Package 'Gmedian'

Title: Geometric Median, k-Medians Clustering and Robust Median PCA
Description: Fast algorithms for robust estimation with large samples of multivariate observations. Estimation of the geometric median, robust k-Gmedian clustering, and robust PCA based on the Gmedian covariation matrix.
Authors: Herve Cardot
Maintainer: Herve Cardot <[email protected]>
License: GPL (>= 2)
Version: 1.2.7
Built: 2024-11-06 06:33:59 UTC
Source: CRAN

Help Index


Geometric Median, k-Medians Clustering and Robust Median PCA

Description

The geometric median (also called spatial median or L1 median) is a robust multivariate indicator of central position. This library provides fast estimation procedures that can handle rapidly large samples of high dimensional data. Function Gmedian computes the geometric median of a numerical data set with averaged stochastic gradient algorithms, whereas GmedianCov computes the median covariation matrix, a useful indicator for robust PCA. Robust clustering, based on the geometric k-medians, can also be performed with the same type of recursive algorithm thanks to kGmedian. Less fast estimation procedures based on Weiszfeld's algorithm are also available : function Weiszfeld computes the geometric median whereas WeiszfeldCov computes the median covariation matrix. These procedures may be preferred for small and moderate sample sizes.
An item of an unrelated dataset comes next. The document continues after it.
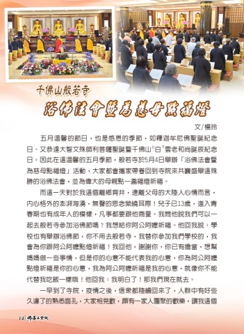 %u6587/%u694a%u73b2%u3000%u3000%u4e94%u6708%u6eab%u99a8%u7684%u7bc0%u65e5%uff0c%u4e5f%u662f%u611f%u6069%u7684%u5b63%u7bc0%uff0c%u5982%u91cb%u8fe6%u725f%u5c3c%u4f5b%u8056%u8a95%u7d00%u5ff5%u65e5%u3001%u53c8%u606d%u9022%u5927%u667a%u6587%u6b8a%u5e2b%u5229%u83e9%u85a9%u8056%u8a95%u66a8%u5343%u4f5b%u5c71%u4e0a%u767d%u4e0b%u96f2%u8001%u548c%u5c1a%u8a95%u8fb0%u7d00%u5ff5%u65e5%u3002%u56e0%u6b64%u5728%u9019%u6eab%u99a8%u7684%u4e94%u6708%u5b63%u7bc0%uff0c%u822c%u82e5%u5bfa%u65bc5%u67084%u65e5%u8209%u8fa6%u300c%u6d74%u4f5b%u6cd5%u6703%u66a8%u70ba%u6148%u6bcd%u9ede%u798f%u71c8%u300d%u6d3b%u52d5%uff0c%u5927%u5bb6%u90fd%u6703%u651c%u5bb6%u5e36%u7737%u56de%u5230%u5bfa%u9662%u4f86%u5171%u8944%u76db%u8209%u9019%u6b8a%u52dd%u7684%u6d74%u4f5b%u6cd5%u6703%uff0c%u4e26%u70ba%u5049%u5927%u7684%u6bcd%u89aa%u9ede%u4e00%u76de%u798f%u71c8%u7948%u798f%u3002%u3000%u3000%u800c%u9019%u30fc%u5929%u5c0d%u65bc%u6211%u9019%u500b%u96e2%u9109%u80cc%u4e95%uff0c%u9060%u96e2%u7236%u6bcd%u7684%u5927%u9678%u4eba%u5fc3%u60c5%u800c%u8a00%uff0c%u5167%u5fc3%u683c%u5916%u7684%u6f8e%u6e43%u6d36%u6e67%uff0c%u7121%u8072%u7684%u601d%u5ff5%u7e08%u7e5e%u8033%u969b%uff01%u5152%u5b50%u5df213%u6b72%uff0c%u9032%u5165%u9752%u6625%u671f%u4e5f%u6709%u6210%u5e74%u4eba%u7684%u6a21%u6a23%uff0c%u51e1%u4e8b%u90fd%u8981%u8ddf%u4ed6%u5546%u91cf%u3002%u6211%u554f%u4ed6%u8aaa%u6211%u5011%u53ef%u4ee5%u4e00%u8d77%u53bb%u822c%u82e5%u5bfa%u53c3%u52a0%u6d74%u4f5b%u7bc0%u55ce%uff1f%u6211%u60f3%u7d66%u4f60%u963f%u516c%u963f%u5b24%u7948%u798f%u3002%u4ed6%u56de%u6211%u8aaa%uff1a%u5b78%u6821%u4e5f%u6709%u8209%u8fa6%u6d74%u4f5b%u7bc0%uff0c%u4f60%u4e0d%u7528%u53bb%u822c%u82e5%u5bfa%uff0c%u6211%u66ff%u4f60%u53c3%u52a0%u6211%u5011%u5b78%u6821%u7684%uff0c%u6211%u6703%u70ba%u4f60%u8ddf%u963f%u516c%u963f%u5b24%u9ede%u71c8%u7948%u798f%uff01%u6211%u56de%u4ed6%uff0c%u8b1d%u8b1d%u4f60%uff0c%u4f60%u5df2%u6709%u64d4%u7576%uff0c%u60f3%u5e6b%u5abd%u5abd%u505a%u4e00%u4e9b%u4e8b%u60c5%uff0c%u4f46%u662f%u4f60%u7684%u5fc3%u610f%u4e0d%u80fd%u4ee3%u8868%u6211%u7684%u5fc3%u610f%uff0c%u4f60%u70ba%u963f%u516c%u963f%u5b24%u9ede%u71c8%u7948%u798f%u662f%u4f60%u7684%u5fc3%u610f%uff0c%u6211%u70ba%u963f%u516c%u963f%u5b24%u7948%u798f%u662f%u6211%u7684%u5fc3%u610f%uff0c%u5c31%u50cf%u4f60%u4e0d%u80fd%u4ee3%u66ff%u6211%u5403%u98ef%u4e00%u6a23%u54e6%uff01%u4ed6%u56de%u6211%uff1a%u6211%u660e%u767d%u4e86%uff01%u90a3%u6211%u5011%u73fe%u5728%u5c31%u53bb%u3002%u3000%u3000%u4e00%u65e9%u5230%u4e86%u5bfa%u9662%uff0c%u75ab%u60c5%u4e4b%u5f8c%uff0c%u4fe1%u773e%u90fd%u9678%u7e8c%u56de%u4f86%u4e86%uff0c%u4eba%u7fa4%u4e2d%u6709%u597d%u4e9b%u4e45%u9055%u4e86%u7684%u719f%u6089%u9762%u5b54%uff0c%u5927%u5bb6%u76f8%u898b%u6b61%uff0c%u9817%u6709%u4e00%u5bb6%u4eba%u5718%u805a%u7684%u6b61%u6a02%uff0c%u8b93%u6211%u9019%u500b14|

Note that weighting statistical units (for example with survey sampling weights) is allowed.

Details

Package: Gmedian
Type: Package
Title: Geometric Median, k-Medians Clustering and Robust Median PCA
Version: 1.2.7
Date: 2022-08-06
Author: Herve Cardot
Maintainer: Herve Cardot <[email protected]>
Description: Fast algorithms for robust estimation with large samples of multivariate observations. Estimation of the geometric median, robust k-Gmedian clustering, and robust PCA based on the Gmedian covariation matrix.
License: GPL (>= 2)
Depends: R (>= 3.0.0)
Imports: Rcpp (>= 0.12.6), RSpectra, robustbase
LinkingTo: Rcpp, RcppArmadillo, RSpectra
NeedsCompilation: yes
Packaged: 2022-06-08 13:22:37 UTC; hcardot
Repository: CRAN
Date/Publication: 2022-06-08 14:00:02 UTC

Index of help topics:

Gmedian                 Gmedian
Gmedian-package         Geometric Median, k-Medians Clustering and
                        Robust Median PCA
GmedianCov              GmedianCov
Weiszfeld               Weiszfeld
WeiszfeldCov            WeiszfeldCov
kGmedian                kGmedian

Author(s)

Herve Cardot

Maintainer: Herve Cardot <[email protected]>

References

Cardot, H., Cenac, P. and Zitt, P-A. (2013). Efficient and fast estimation of the geometric median in Hilbert spaces with an averaged stochastic gradient algorithm. Bernoulli, 19, 18-43.

Cardot, H. and Godichon-Baggioni, A. (2017). Fast Estimation of the Median Covariation Matrix with Application to Online Robust Principal Component7s Analysis. TEST, 26, 461-480.

Cardot, H., Cenac, P. and Monnez, J-M. (2012). A fast and recursive algorithm for clustering large datasets with k-medians. Computational Statistics and Data Analysis, 56, 1434-1449.

Lardin, P., Cardot, H. and Goga, C. (2014). Analyzing large datasets of functional data : a survey sampling point of view. Journal de la SFdS, 155, 70-94.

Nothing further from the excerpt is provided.